Fashion and apparel sit in an awkward spot for intellectual property. Design cycles turn over in months, manufacturing and distribution span the globe, and the protections that work for other products often fall short. We counsel fashion houses, apparel companies, and accessory and luxury brands on building IP strategies that fit how the industry actually operates, not how the textbook assumes it does.

Protecting Designs and Patterns

Protecting a design takes more than one tool. We advise on design patents for distinctive product shapes, trade dress for the look and feel that signals your brand, and copyright for original textile and surface patterns. We coordinate international design registration so protection follows your products into the markets where they sell and the markets where they get copied first.

Brand Building and Trademarks

In fashion, the name and logo often carry more value than any single garment. We build trademark portfolios that cover your house marks, sub-brands, and signature elements, file across the classes and countries that matter, and watch for conflicting filings. We also clear new marks before launch, so a collection does not ship under a name that draws an opposition or an injunction.

Fighting Counterfeits

Counterfeiting is a constant in fashion, especially online and across borders. We build enforcement programs that combine customs recordation, marketplace takedowns, and targeted investigations into the sellers behind the listings. When the situation calls for it, we pursue counterfeiters in court, going after the operations that fuel the fakes rather than chasing individual knockoffs one at a time.

Frequently asked questions

Protection is real but limited and depends on the element. Useful articles like garments get thin copyright protection, but original surface prints and graphics can be copyrighted, distinctive ornamental designs can be covered by design patents, and your brand name, logo, and signature trade dress are protectable as trademarks. The strongest strategy usually combines these so you cover the print, the look, and the brand rather than relying on any single one.

Prioritize the assets that protect quickly and last: trademark and trade dress protection for the brand elements that recur season to season, and copyright registration for original prints, which is fast and inexpensive. Design patents protect ornamental designs but take longer, so reserve them for signature pieces with staying power. Build a repeatable filing routine into each season's launch so protection moves at the speed of your line.

Define the licensed marks and products precisely, set quality-control standards and approval rights, fix territory and term, and tie royalties to clear reporting with audit rights.
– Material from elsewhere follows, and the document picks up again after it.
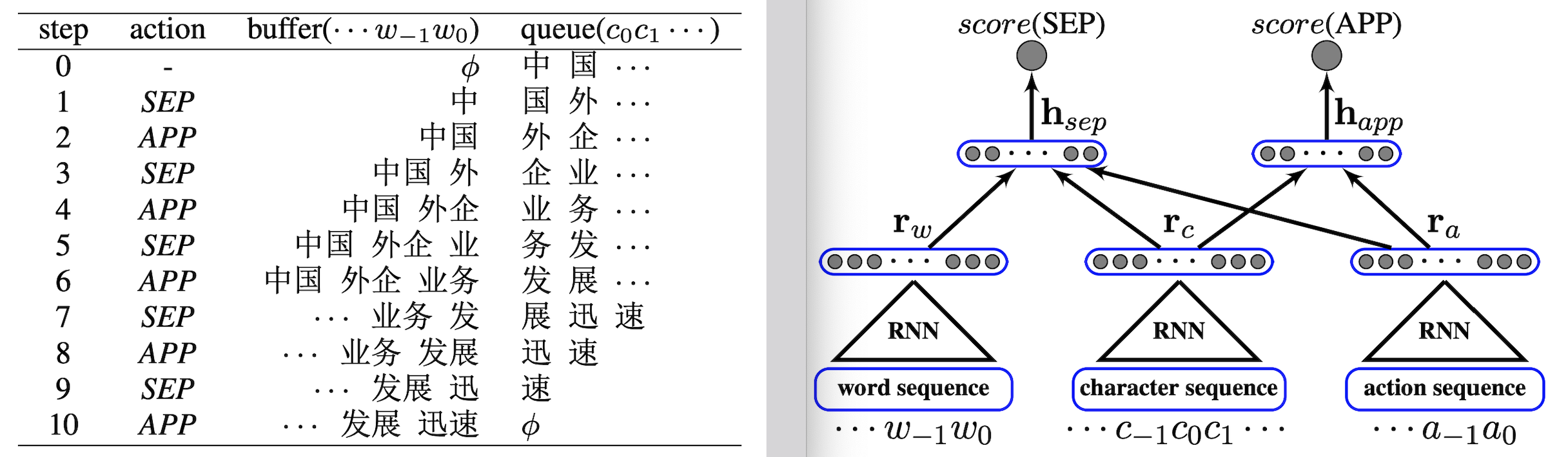 上图为Transition-Based分词方法,它使用Transition system递增地去分词。Buffer部分用于存储句子已经分词的部分,未分词的在Queue中。action包括SEP-separate和APP-append,分别指分割和把字符pop到Buffer中。模型分词的过程就是寻找一个action序列的过程。

In trademark licensing, failing to control quality can actually weaken or forfeit your mark, so oversight isn't optional. Also address what happens to inventory and rights at termination so a former partner can't keep selling under your name.

Register your trademarks, record them with customs to intercept shipments, enroll in online marketplace brand-protection programs for fast takedowns, and pursue the larger sellers and suppliers directly. Counterfeiting in fashion is high-volume, so an automated, ongoing enforcement process beats chasing listings by hand. Going after suppliers and repeat sellers, not just individual listings, is what actually shrinks the problem.